Los tres se detuvieron en seco. Bagúm tragó saliva. El hechicero con parche en el ojo se adelantó.

—Estábamos tomando una caminata, centurión.

El legionario observó de cuerpo completo a Yuje. Era un hombre alto de porte terrible, mientras que Chárcun era un simple chiste en comparación.

—¿Cuáles son sus nombres?

—Él es mi sobrino —señaló al chico—, se llama Bagúm. El grande se llama Üle-je. Y yo soy Chárcun: se pronuncia como si fuera una z, aunque se escribe con una c.

El centurión frunció las cejas.

—¿Chárcun? Eso es un nombre de las regiones de Queó. ¿Qué podría hacer un grupo de mercenarios tan lejanos en el Bastión Blanco? —preguntó cruzado de brazos.

 —Asuntos de la reina, señor —intervino Yuje—. Nuestro capitán ya ha hablado con uno de los vuestros, Lecceo Sena, un púrpura si no me equivoco.
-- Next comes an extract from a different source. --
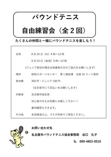 8月24日(水)と、9月23日(金祝)9時~12時、昭和スポーツセンターにて自由練習会を行います。当日まで参加人数がわからないので、練習内容はその場で決定しますが、スポーツ広場と同じような内容で進める予定です。 初心者は、別コートで球出し。 経験者は…

El rostro del centurión cambió como el día a la noche. La confusión se hizo presente tan fuerte como un río desbordándose. Un amago de ansiedad apareció en sus ojos.

—¿Sena? ¿El mismo Lecceo Sena? Entonces imagino que realmente están a ordenes de la Reina. Vale, sigan con su camino.

Dicho esto, el centurión se fue. Chárcun bufó con ganas.

—Y creías que no era un lamebotas de la Reina.

Yuje miró por encima del hombro mientras el extraño centurión se alejaba.

—O quizás sólo un hombre muy importante. No lo conocemos lo suficiente para decir que es un perro faldero de Ella, anciano.

—Lo que tu digas. Pero cuando lo veamos arrastrándose ante la mujer, quiero oírte decir: "tenías razón".

—En tus sueños, hombrecillo.

Bagúm interrumpió.

—¿Por qué siempre le dicen sólo como 'Ella' a la Reina?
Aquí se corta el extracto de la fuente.